:: What you are asked to do ::
Return exactly the lines from the "建议线路:从申武路(网约车下" line through the last line of the entries below. Include no pictures.

Data to process START

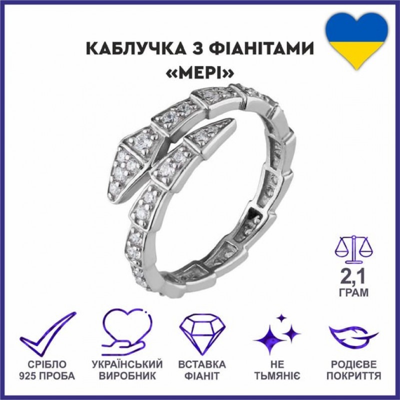 Каблучка срібна з фіанітами у формі змії: витонченість та стиль. Ця вишукана каблучка стане справжньою родзинкою вашого образу. Оригінальний дизайн у формі змії з сяючими фіанітами підкреслить вашу красу та витонченість.
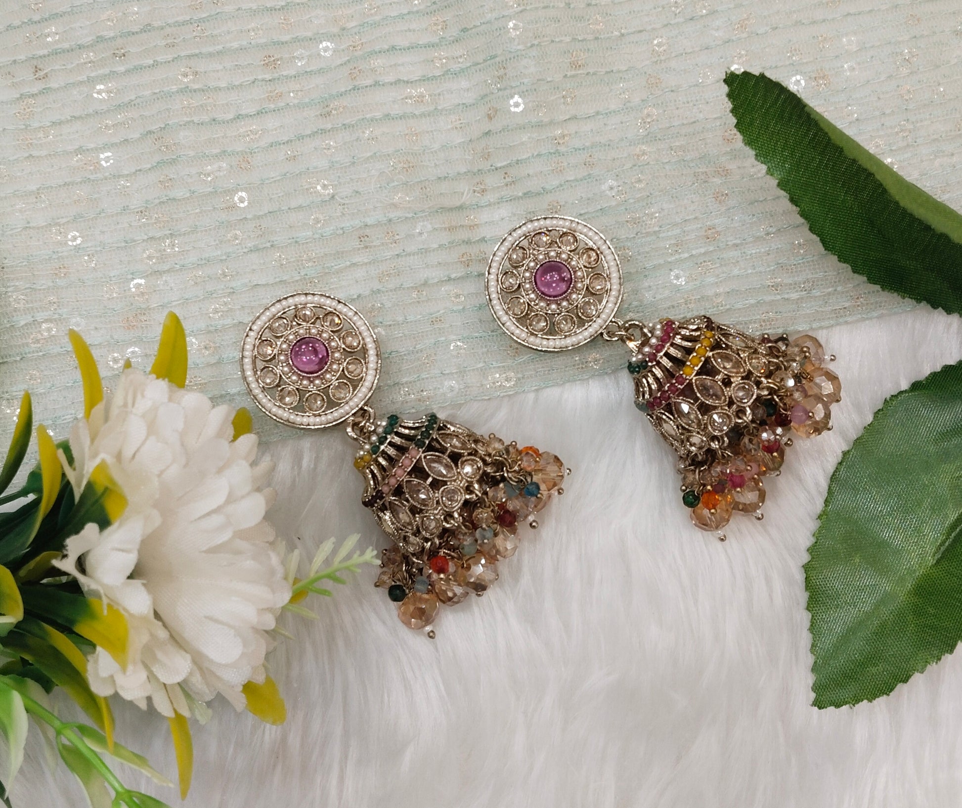 Multi Color Antique Gold Jhumki Bollywood Ghatak Earrings
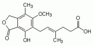 An immunosuppressive agent that inhibits de novo purine nucleotide synthesis via inhibition of inosine monophosphate dehydrogenase and prevents the formation of XMP and GMP. Useful for selection of animal cells that express the E. coli gene coding for xanthine-guanine phosphoribosyltransferase. Also suppresses cytokine-induced nitric oxide production in mouse and rat vascular endothelial cells.
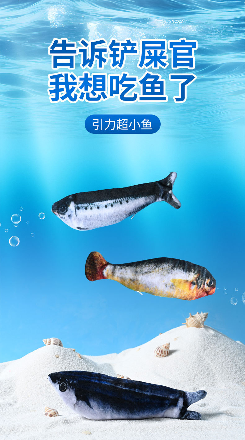 跨境新品引力超小鱼智能电动猫毛绒玩具自嗨解闷耐咬磨牙逗猫神器
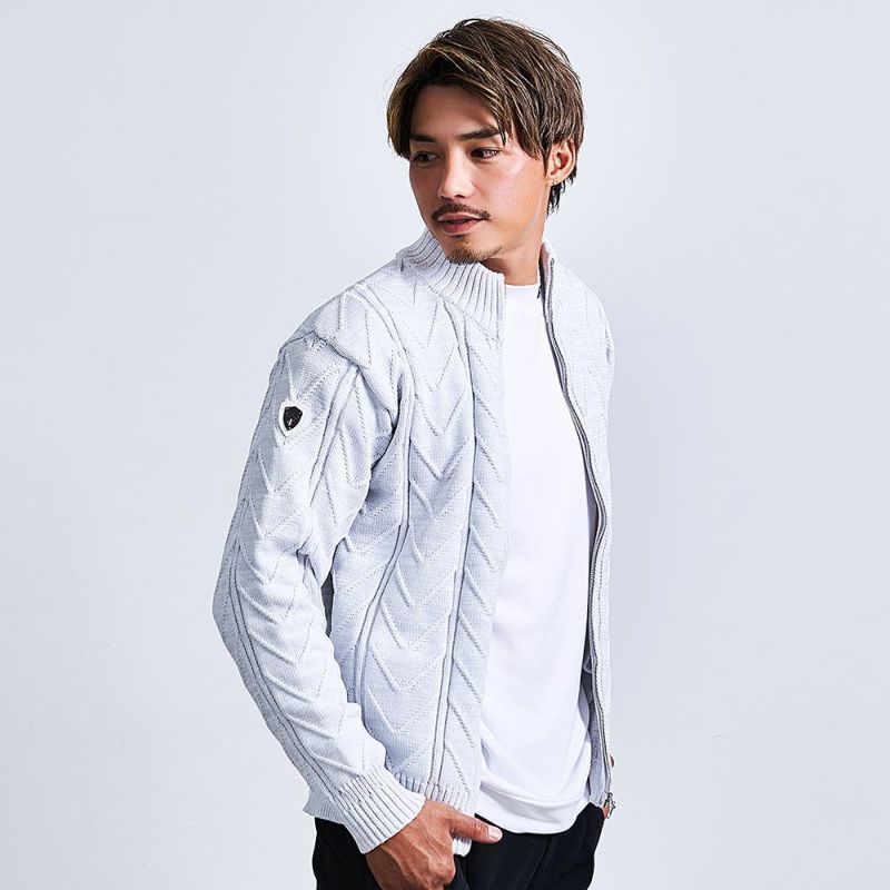 立体感のあるケーブル編みを全面にあしらい、コーディネートにアクセントを添えるニットブルゾン。
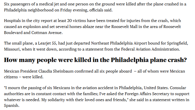 ಫೆಬ್ರವರಿ 4, 2025ರ ಸಿಬಿಸಿನ್ಯೂಸ್ ವರದಿಯ ಪ್ರಕಾರ, ಶುಕ್ರವಾರ ಸಂಜೆ ಫಿಲಡೆಲ್ಫಿಯಾ ಭಾಗದಲ್ಲಿ ವೈದ್ಯಕೀಯ ಜೆಟ್ ವಿಮಾನ ಅಪಘಾತಕ್ಕೀಡಾಗಿ ಆರು ಪ್ರಯಾಣಿಕರು ಮತ್ತು ದಾರಿಹೋಕ ವ್ಯಕ್ತಿ ಸಾವನ್ನಪ್ಪಿದ್ದಾರೆ ಎಂದು ಅಧಿಕಾರಿಗಳು ತಿಳಿಸಿದ್ದಾರೆ. ರೂಸ್ವೆಲ್ಟ್ ಬೌಲೆವಾರ್ಡ್ ಮತ್ತು ಕಾಟ್ಮನ್ ಅವೆನ್ಯೂ ಪ್ರದೇಶದ ರೂಸ್ವೆಲ್ಟ್ ಮಾಲ್ ಬಳಿ ಅಪಘಾತ ಸಂಭವಿಸಿ ಹಲವಾರು ಮನೆಗಳಿಗೆ ಬೆಂಕಿ ಬಿದ್ದಿದೆ. ಇದರಿಂದ ಕನಿಷ್ಠ 20 ಮಂದಿ ಗಾಯಗೊಂಡು ಚಿಕಿತ್ಸೆ ಪಡೆಯುತ್ತಿದ್ದಾರೆ ಎಂದು ನಗರದ ಆಸ್ಪತ್ರೆಗಳು ವರದಿ ಮಾಡಿವೆ. ಫೆಡರಲ್ ಏವಿಯೇಷನ್ ಅಡ್ಮಿನಿಸ್ಟ್ರೇಷನ್ನ ಹೇಳಿಕೆಯ ಪ್ರಕಾರ, ಲಿಯರ್ಜೆಟ್ 55 ಎಂಬ ಸಣ್ಣ ವಿಮಾನವು ಈಶಾನ್ಯ ಫಿಲಡೆಲ್ಫಿಯಾ ವಿಮಾನ ನಿಲ್ದಾಣದಿಂದ ಮಿಸೌರಿಯ ಸ್ಪ್ರಿಂಗ್ಫೀಲ್ಡ್ಗೆ ಹೊರಟಿದ್ದಾಗ ಪತನಗೊಂಡಿತು ಎಂದಿದೆ.
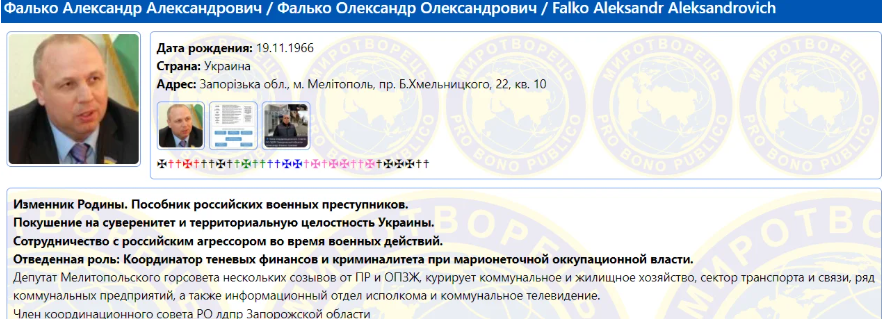 Олександр Фалько — колаборант із багатим бекграундом. До 2022 року він роками засідав у міськраді від «Партії регіонів» та «Опоблоку». З приходом окупантів він одним із перших запропонував свої послуги, ставши сполучною ланкою між бізнесом і криміналом під дахом загарбників. За даними джерел «РІА-Південь», апетити Фалька були безмежні:
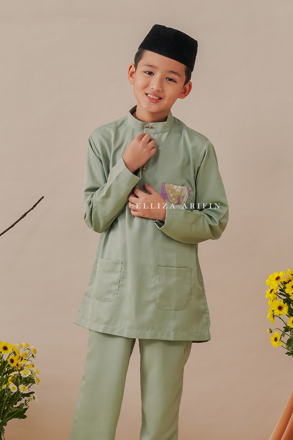 Baju Melayu Batik Kids in Sage Green
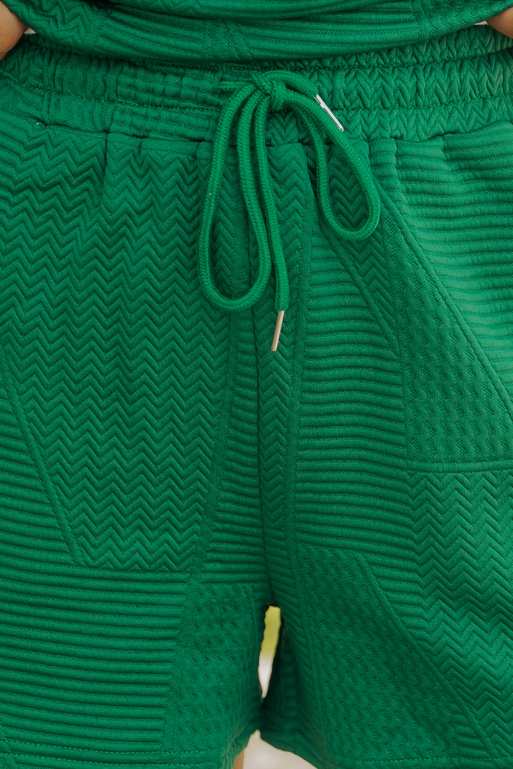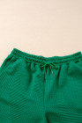 Dark Green Textured Ruffle Split Top and Drawstring Shorts
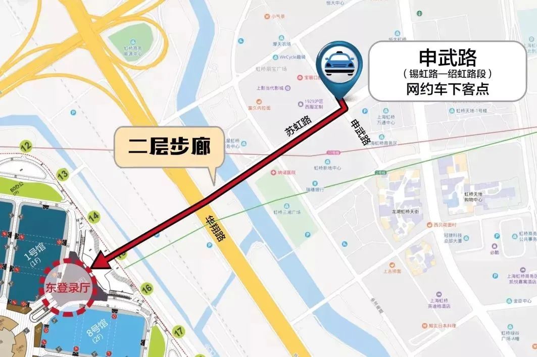 建议线路:从申武路(网约车下客点)出发,登上二层步廊,沿二层步廊继续向西步行,最终到达国家会展中心东登录厅。步行时间:15分钟左右
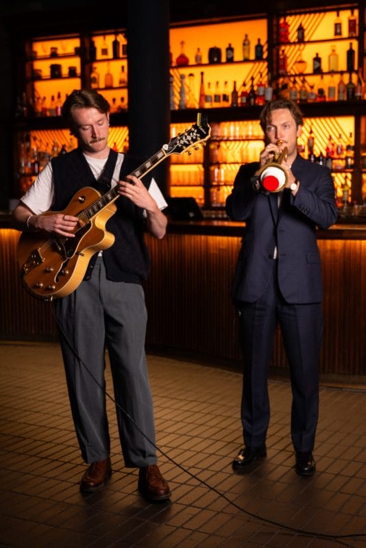 For smaller or more intimate settings, Jack and Charlie often perform as a duo, blending trumpet and guitar to provide a relaxed, ambient atmosphere.

Data to process END

:: Response area ::
 建议线路:从申武路(网约车下客点)出发,登上二层步廊,沿二层步廊继续向西步行,最终到达国家会展中心东登录厅。步行时间:15分钟左右
 For smaller or more intimate settings, Jack and Charlie often perform as a duo, blending trumpet and guitar to provide a relaxed, ambient atmosphere.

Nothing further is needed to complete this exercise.